======== Extracted data ========

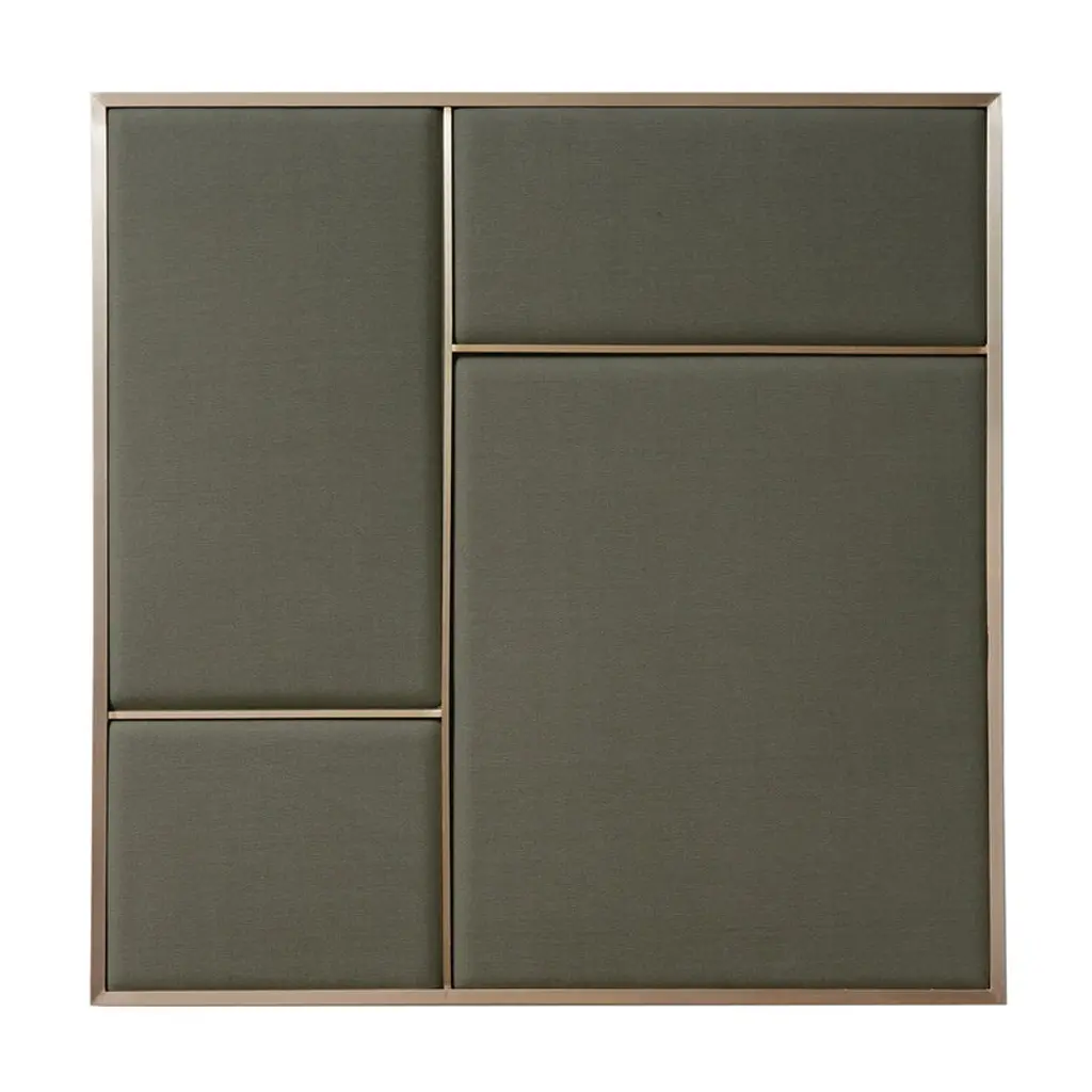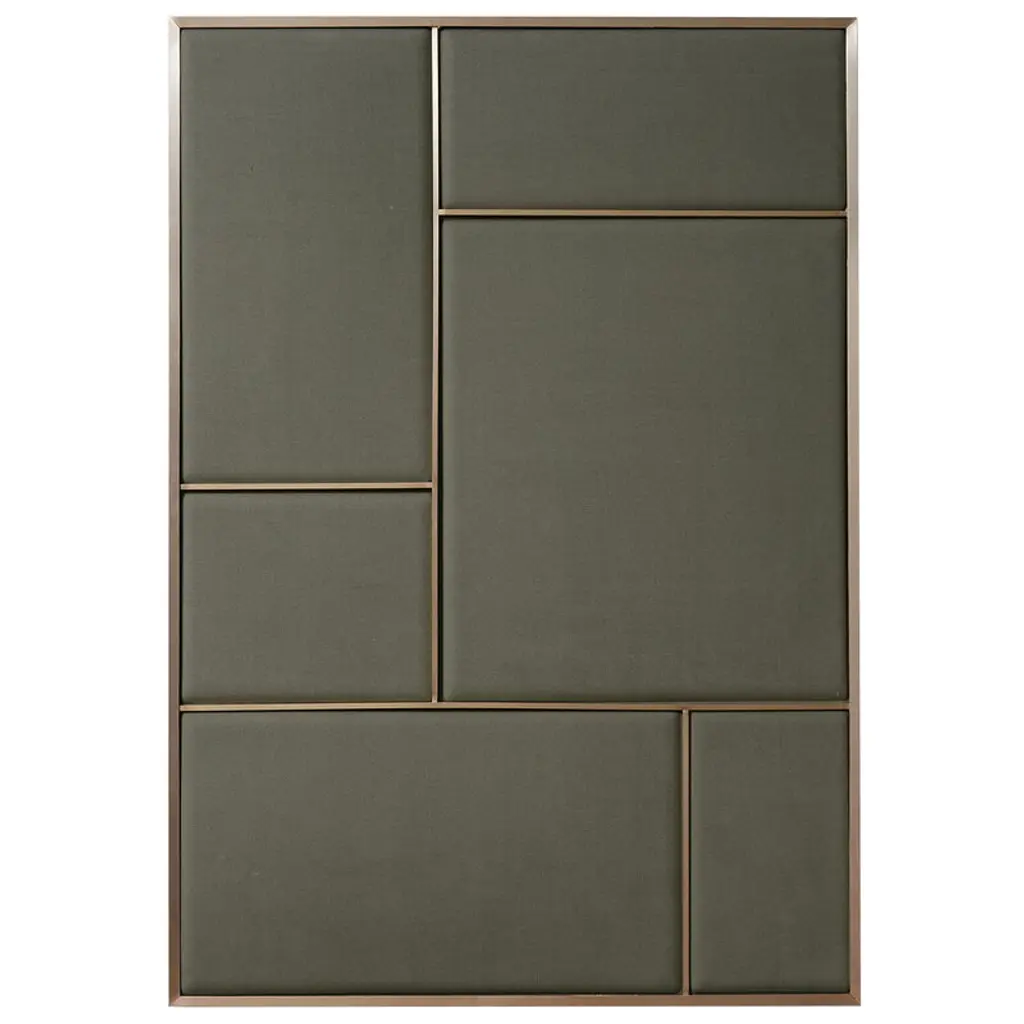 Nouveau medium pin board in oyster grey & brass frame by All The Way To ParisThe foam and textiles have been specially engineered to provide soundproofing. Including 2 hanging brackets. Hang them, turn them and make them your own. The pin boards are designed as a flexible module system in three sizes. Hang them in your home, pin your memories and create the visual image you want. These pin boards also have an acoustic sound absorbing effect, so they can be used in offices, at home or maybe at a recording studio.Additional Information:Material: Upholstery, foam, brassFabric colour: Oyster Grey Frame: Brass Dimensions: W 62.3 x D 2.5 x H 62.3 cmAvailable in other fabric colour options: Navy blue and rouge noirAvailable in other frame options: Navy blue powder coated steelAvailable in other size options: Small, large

========
======== Extracted data ========

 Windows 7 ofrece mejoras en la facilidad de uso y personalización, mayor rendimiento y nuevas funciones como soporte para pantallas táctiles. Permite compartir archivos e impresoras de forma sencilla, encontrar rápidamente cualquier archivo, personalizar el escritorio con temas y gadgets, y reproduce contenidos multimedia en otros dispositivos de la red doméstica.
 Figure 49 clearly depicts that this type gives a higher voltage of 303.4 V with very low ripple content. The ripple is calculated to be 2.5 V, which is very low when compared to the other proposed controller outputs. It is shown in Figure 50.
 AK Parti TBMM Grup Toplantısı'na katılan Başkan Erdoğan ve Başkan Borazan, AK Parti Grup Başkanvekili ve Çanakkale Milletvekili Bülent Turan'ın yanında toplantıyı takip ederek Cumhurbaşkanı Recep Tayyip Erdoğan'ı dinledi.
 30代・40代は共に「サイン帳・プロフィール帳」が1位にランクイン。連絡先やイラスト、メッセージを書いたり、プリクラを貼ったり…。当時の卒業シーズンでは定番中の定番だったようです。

========

Exercise aim
Go through the material above and output exactly the lines from the one containing "AK Parti TBMM" through the one containing "30代・40代は共に「サイン".

Result for this exercise
 AK Parti TBMM Grup Toplantısı'na katılan Başkan Erdoğan ve Başkan Borazan, AK Parti Grup Başkanvekili ve Çanakkale Milletvekili Bülent Turan'ın yanında toplantıyı takip ederek Cumhurbaşkanı Recep Tayyip Erdoğan'ı dinledi.
 30代・40代は共に「サイン帳・プロフィール帳」が1位にランクイン。連絡先やイラスト、メッセージを書いたり、プリクラを貼ったり…。当時の卒業シーズンでは定番中の定番だったようです。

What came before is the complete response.